Customer Experience NOT the Flavour of the Month
Customer Experience NOT the Flavour of the Month
Don’t even think about developing a customer experience strategy for your business unless your organisation is fully committed long-term.
This warning comes from Chris Bell Managing Director of Customer Experiences an organisation that specialises in the development of quality customer experiences.
New Zealand businesses are starting to understand the benefits of embarking on the development of a unique experience, an experience that will distance a business from increasing competition and commoditisation.
However in a number of cases the motivation has not been about adding customer value, its more about being seen as adopting a new trendy business strategy, rather than a genuinely fully committed approach.
The lack of a long-term commitment to the development of a customer experience strategy can potentially have damaging consequences to a business including confused and disengaged employees and high customer churn as a result of inconsistency.
Today’s customers can see through attempts at window dressing, they are not impressed by initiatives that have been created with little understanding of customers expectations or real needs.
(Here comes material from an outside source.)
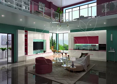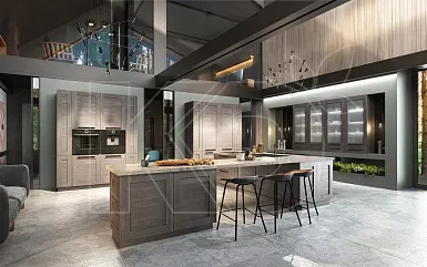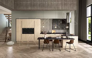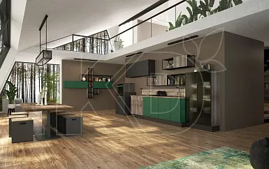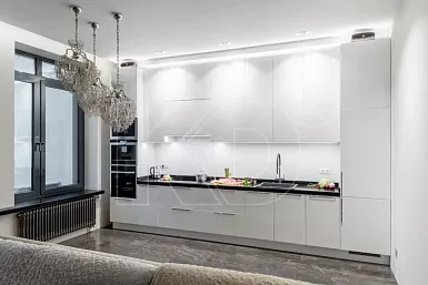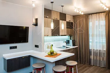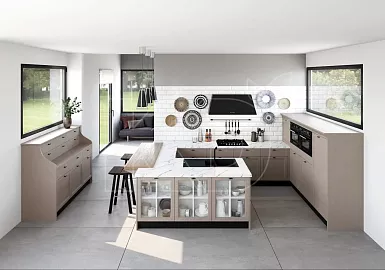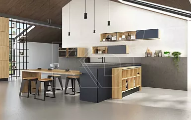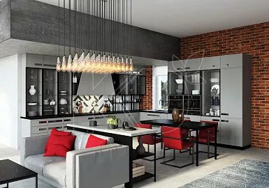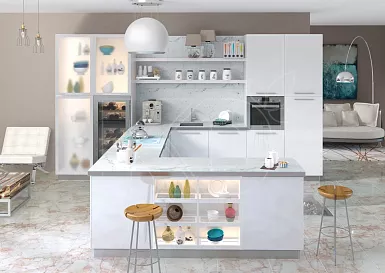 В просторных квартирах-студиях и отдельных помещениях площадью от 12 квадратных метров часто используют островные комплекты. Модули при такой планировке устанавливают вдоль одной или двух стен, в виде буквы П. Дополнительные навесные полки и шкафы часто размещают у окна.

These initiatives will lose more customers and increase levels of negative word of mouth according to Bell.
On the flip side those organisations that have made a genuine commitment to the development of their customer experience are reaping the benefits of increased customer loyalty, less of a focus on price and today’s most powerful form of advertising customer recommendation.
A 2011 Bloomberg Businessweek survey revealed that “delivering a great customer experience” has become the new imperative: 80% of the companies polled rated customer experience as a top strategic objective.